E, por outro lado, a Decisão da Comissão é um ato jurídico individual, tornando-se obrigatória em todos os seus elementos para os destinatários que designar (artigo 288.º do Tratado sobre o Funcionamento da União Europeia). E, nesse sentido, os efeitos diretos da decisão apenas serão suscetíveis de ser invocados pelos destinatários, perante os órgãos jurisdicionais nacionais, nas suas relações com terceiros, além de que o efeito direto, encontrando-se limitado nesses termos, está ainda pendente da natureza, economia e termos da disposição de direito europeu que estiver em causa e do caráter incondicional e suficientemente preciso das obrigações que emergem da decisão (cfr.

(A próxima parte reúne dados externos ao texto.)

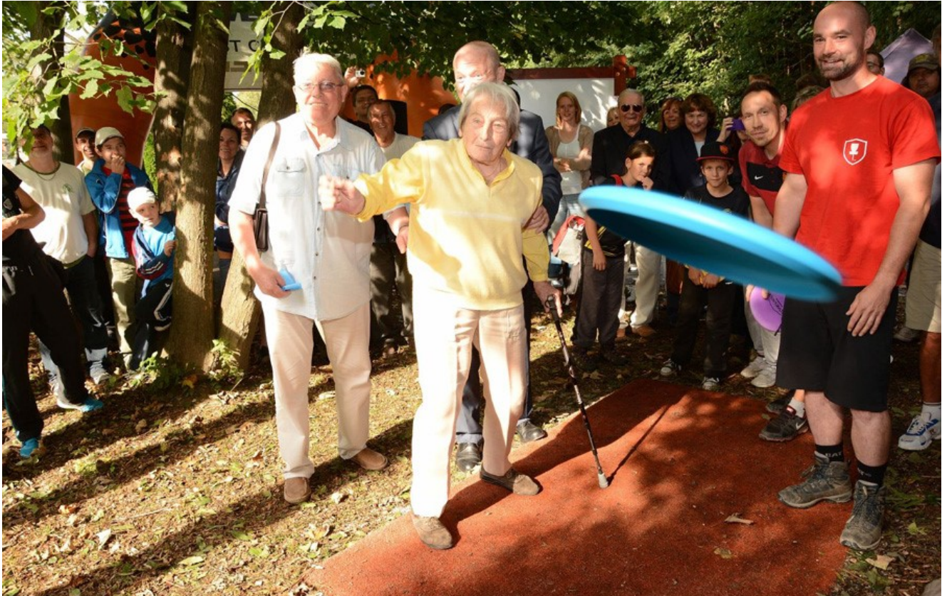
Olympionička Dana Zátopková slavnostně otevírá DiscGolfPark Kopřivnice, 18. 9. 2014

Discgolf je hra pro každého. A v tom je jeho největší krása a genialita!

MIGUEL GORJÃO HENRIQUES, Direito Comunitário, 4.ª edição, Coimbra, págs. 287-288, e acórdão do TJUE de 6 de outubro de 1970, Proc. 9/70, acórdão Franz Grad).

 

É assim claro que não são os dispositivos de uma Decisão da Comissão que podem condicionar o direito do contribuinte a um benefício fiscal que se encontre dependente da qualificação como PME.

 

E o que resulta da legislação relevante, ou seja, do artigo 4.º, n.ºs 1 e 2, da Recomendação 2003/361/CE e do artigo 4.º, n.ºs 1 e 2, do Anexo ao Decreto-Lei n.º 372/2007, é que os dados considerados para o cálculo dos efetivos, para efeito da qualificação como PME, são os do último exercício contabilístico e se a empresa superar o limiar de efetivos num dado período de tributação, essa circunstância só faz perder a qualidade de média, pequena ou micro empresa se se repetir durante dois exercícios consecutivos.

 

O que é possível concluir da matéria de facto dada como assente é que a Requerente, em 2015, já após a fusão, apresentava um UTA de 233,08, considerando o número de horas trabalhadas que consta do documento n.º 9 junto ao pedido, e mesmo admitindo, com base no Anexo I ao Relatório de Inspeção Tributária, que a Requerente ultrapassou o limiar de efetivos em face dos dados definitivos de 2016 (278 UTA), é patente, face às referidas disposições, que  manteve a condição de PME nesse ano e no ano seguinte, ainda que nesses dois períodos de tributação o número de unidades trabalho-ano tivesse sido superior ao legalmente previsto. E mesmo nessa circunstância, a perda de qualidade de PME só se repercutiria no ano de 2018.

 

Ao considerar inaplicável a regra do artigo 4.º, n.º 2, do Anexo ao Decreto-Lei n.º 372/2007 por ter ocorrido entretanto uma operação de fusão, o ato tributário enferma de erro nos pressupostos de direito.

 

12. Os serviços inspetivos aludem ainda à obrigação que impendia sobre o contribuinte de comunicar ao IAPMEI, no prazo de 30 dias úteis, a alteração da sua situação em resultado da fusão com uma outra empresa.

 

Aparentemente, a Administração não retira da omissão declarativa qualquer consequência quanto ao direito ao benefício fiscal, visto que o elemento determinante para a desconsideração do benefício foi a apontada inaplicabilidade do regime do artigo 4.º, n.ºs 1 e 2, do Anexo ao Decreto-Lei n.º 372/2007 quando a ultrapassagem do limiar de efetivos se verifique após uma operação de fusão.

 

Em todo o caso, nada permite concluir que essa omissão declarativa fosse, por si, decisiva para fazer precludir a qualidade de PME.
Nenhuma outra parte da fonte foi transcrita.